2021-11-16 09:55:02,510 - moleculekit.molecule - INFO - Removed 364 atoms. 4472 atoms remaining in the molecule.
32.0

---- Molecule chain report ----
Chain A:
    First residue: MET:65:
    Final residue: ILE:352:
Chain B:
    First residue: MET:65:
    Final residue: ILE:352:
---- End of chain report ----
2021-11-16 09:55:07,022 - moleculekit.tools.preparation - INFO - Modified residue ASP:A:114 to ASH
2021-11-16 09:55:07,023 - moleculekit.tools.preparation - INFO - Modified residue CYS:A:140 to CYX
2021-11-16 09:55:07,024 - moleculekit.tools.preparation - INFO - Modified residue HIS:A:171 to HID
2021-11-16 09:55:07,024 - moleculekit.tools.preparation - INFO - Modified residue CYS:A:217 to CYX
2021-11-16 09:55:07,025 - moleculekit.tools.preparation - INFO - Modified residue HIS:A:223 to HID
2021-11-16 09:55:07,025 - moleculekit.tools.preparation - INFO - Modified residue HIS:A:297 to HID
2021-11-16 09:55:07,025 - moleculekit.tools.preparation - INFO - Modified residue HIS:A:319 to HIE
2021-11-16 09:55:07,026 - moleculekit.tools.preparation - INFO - Modified residue ASP:B:114 to ASH
2021-11-16 09:55:07,026 - moleculekit.tools.preparation - INFO - Modified residue CYS:B:140 to CYX
2021-11-16 09:55:07,027 - moleculekit.tools.preparation - INFO - Modified residue HIS:B:171 to HID
2021-11-16 09:55:07,027 - moleculekit.tools.preparation - INFO - Modified residue CYS:B:217 to CYX
2021-11-16 09:55:07,027 - moleculekit.tools.preparation - INFO - Modified residue HIS:B:223 to HID
2021-11-16 09:55:07,027 - moleculekit.tools.preparation - INFO - Modified residue HIS:B:297 to HID
2021-11-16 09:55:07,028 - moleculekit.tools.preparation - INFO - Modified residue HIS:B:319 to HIE
2021-11-16 09:55:07,028 - moleculekit.tools.preparation - WARNING - Dubious protonation state: the pKa of 4 residues is within 1.0 units of pH 7.4.
2021-11-16 09:55:07,030 - moleculekit.tools.preparation - WARNING - Dubious protonation state:    MET    65 A (pKa= 7.76)
2021-11-16 09:55:07,030 - moleculekit.tools.preparation - WARNING - Dubious protonation state:    ASP   114 A (pKa= 7.85)
2021-11-16 09:55:07,030 - moleculekit.tools.preparation - WARNING - Dubious protonation state:    MET    65 B (pKa= 7.76)
2021-11-16 09:55:07,031 - moleculekit.tools.preparation - WARNING - Dubious protonation state:    ASP   114 B (pKa= 7.85)
2021-11-16 09:55:07,037 - moleculekit.tools.preparation - WARNING - Predictions for 18 residues may be incorrect because they are exposed to the membrane (-16.0<z<16.00 and buried<0.8%).

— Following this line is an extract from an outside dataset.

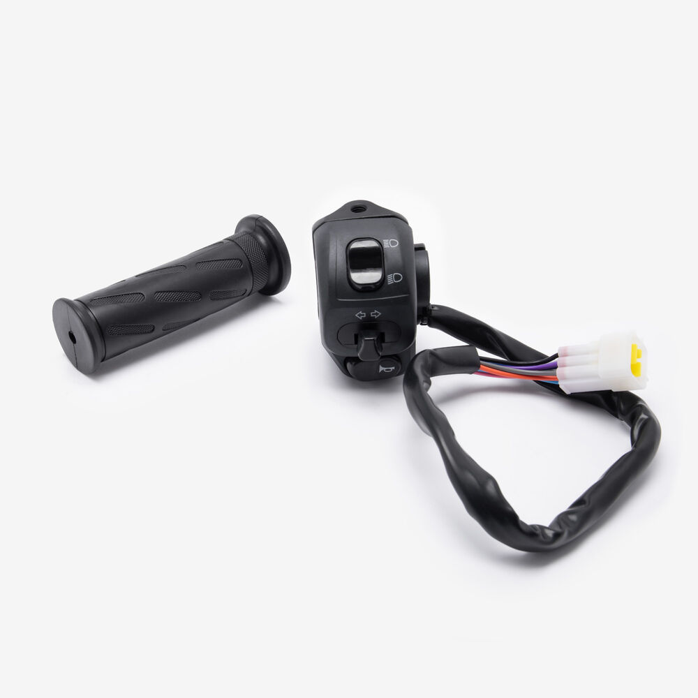 The left handlebar switch on a motorcycle is a control unit mounted on the left side of the handlebar. It typically includes switches for the horn, turn signals, and headlight controls. This switch allows the rider to operate essential functions easily while maintaining control of the motorcycle.

Case 2. Building with a ligand#

Coexistence and automatic placement of a ligand requires further manipulation, because:

  1. The ligand may have to be arranged in a geometrically sensible way

  2. We likely need additional parameters and topologies

See the tutorial System Building Trypsin-Benzamidine.

Case 3. Membrane proteins#

Pre-equilibrated membranes can be merged with pre-oriented systems, e.g. downloaded from the OPM. See the tutorial System Building μ-opioid Receptor in Membrane.

Citations#

Please acknowledge your use of PDB2PQR and PropKa by citing:

  • Dolinsky TJ, Czodrowski P, Li H, Nielsen JE, Jensen JH, Klebe G, Baker NA. PDB2PQR: Expanding and upgrading automated preparation of biomolecular structures for molecular simulations. Nucleic Acids Res, 35, W522-5, 2007.

  • Sondergaard, Chresten R., Mats HM Olsson, Michal Rostkowski, and Jan H. Jensen. “Improved Treatment of Ligands and Coupling Effects in Empirical Calculation and Rationalization of pKa Values.” Journal of Chemical Theory and Computation 7, no. 7 (2011): 2284-2295.